I want to store millions of time-series, where each point in time of every time-series is labeled with arbitrary set of tags. It appears I should use JSON array with tags in Snowflake:
CREATE TABLE timeseries (obj_id INT, ts DATE, tags VARIANT, val INT)
INSERT INTO timeseries (obj_id, ts, tags, val) VALUES (442243, '2017-01-01', parse_json('["red", "small", "cheap"]'), 1)
INSERT INTO timeseries (obj_id, ts, tags, val) VALUES (673124, '2017-01-01', parse_json('["red", "small", "expensive"]'), 2)

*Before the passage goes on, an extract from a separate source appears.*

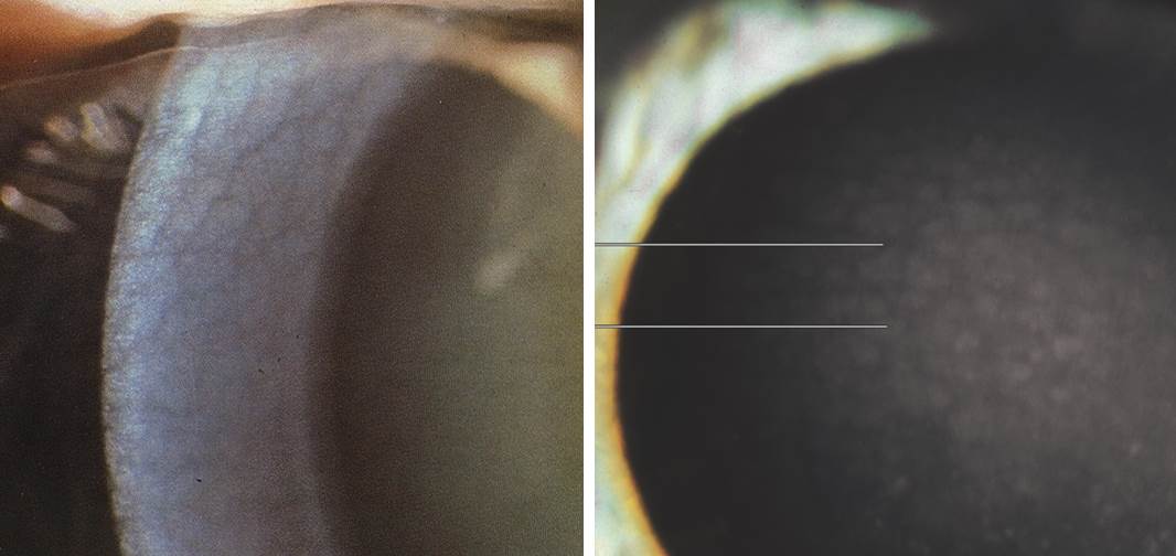 악어피부처러 보이는 각막의 모자이크 양상으로 육면체 혼탁을 보입니다. 대개 각막의 앞쪽 또는 뒤쪽에서 대개 양측성입니다. 앞, 뒤 유형 모두 가운데가 희고 투명한 형태의 회색, 다각형 혼탁을 보입니다.

INSERT INTO timeseries (obj_id, ts, tags, val) VALUES (773235, '2017-01-01', parse_json('["black", "small", "cheap"]'), 3)
Now I want to see an average of all time-series labeled with "small" AND "cheap", e.g.
SELECT ts, AVG(val)
FROM timeseries
WHERE "small" IN tags AND "cheap" IN tags
GROUP BY ts
which would return:
ts, avg(val)
2017-01-01, 2
What is the right Snowflake syntax/schema/approach to achieve it? Note, I do NOT want to FLATTEN exploding the rows, I just want to filter out all the rows that are not 'cheap' and 'small'.